Monday, November 29, 2010

Blink

I decided to take a one book break from the Small Group ministry books I've read of late. I picked up Malcolm Gladwell's Blink: the Power of Thinking without Thinking. Gladwell authored the wildly successful The Tipping Point.





Blink is a good book filled with Gladwell's argument and then a lot of anecdotal stories to illustrate his points. He further seasons the work with some psychological and behavioral research.





The basic argument is that in complex decisions, more information leads us to make poor choices, if we can make any choice at all. Go with the gut and act seems to be the maxim. He frames this by acknowledging that we do need to think through some decisions, those decisions are more likely to be of a simpler nature. We have access to so much information in this age that the additional data doesn't serve us well--we can't process it and it is often contradictory in nature. Rather than lead us to informed decisions, we end up informed but in stasis--information overload in other words.

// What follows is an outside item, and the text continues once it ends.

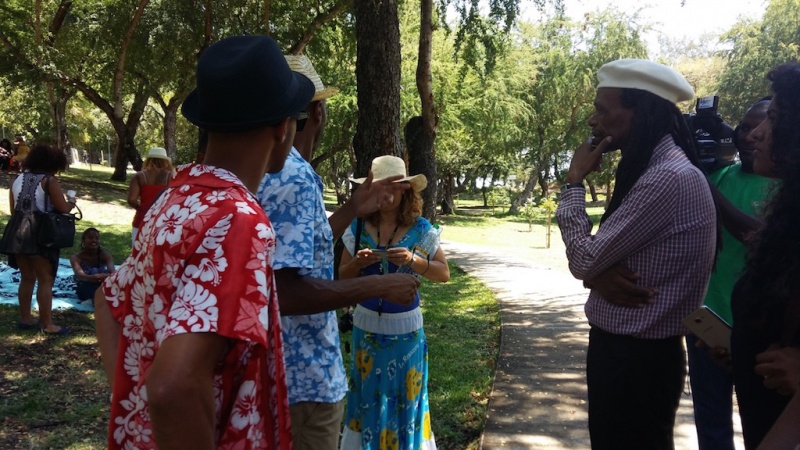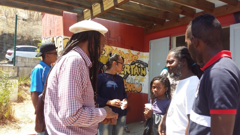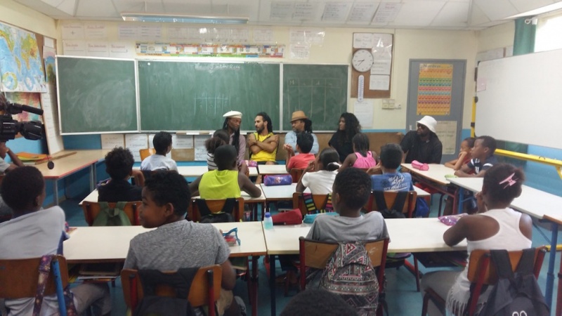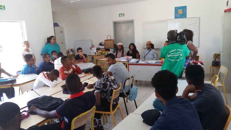 Les Sud africains, artistes engagés pour la paix dans le monde, venus pour dans le cadre de la fête koko, sont allés à la rencontre des jeunes saint-paulois toute cette journée. Un programme chargé en émotion : rencontre avec les petits écoliers de l’école Daly Eraya de la Grande Fontaine, puis les jeunes en décrochage scolaire avec l’association Prépafocal et les animateurs de l’Atelier Relais à Plateau Caillou, pour ensuite rencontrer les jeunes de l’école de la deuxième chance à la Grotte des Premiers Français. Et pour finir, une visite à la prison de Domenjod, pour échanger avec les mineurs incarcérés.
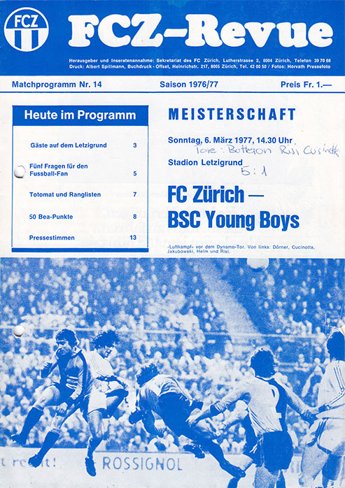 | Spiel | FCZ - Young Boys (06.03.1977) | Login |

For my own part, my gut is usually right about things, though often I make experience prove that intuition. One drawback to this approach is that we can't answer 'why' when we follow our gut. Gladwell admits this but argues that we don't usually know why when use something other than our gut. He argues that, while we can't control our first instinct, to better utilize our gift for instant preferences, we should provide better parameters and avoid stereotypes or cultural biases.





Easier said than done. If you are looking for an interesting and easy, but not life altering read, this book is for you.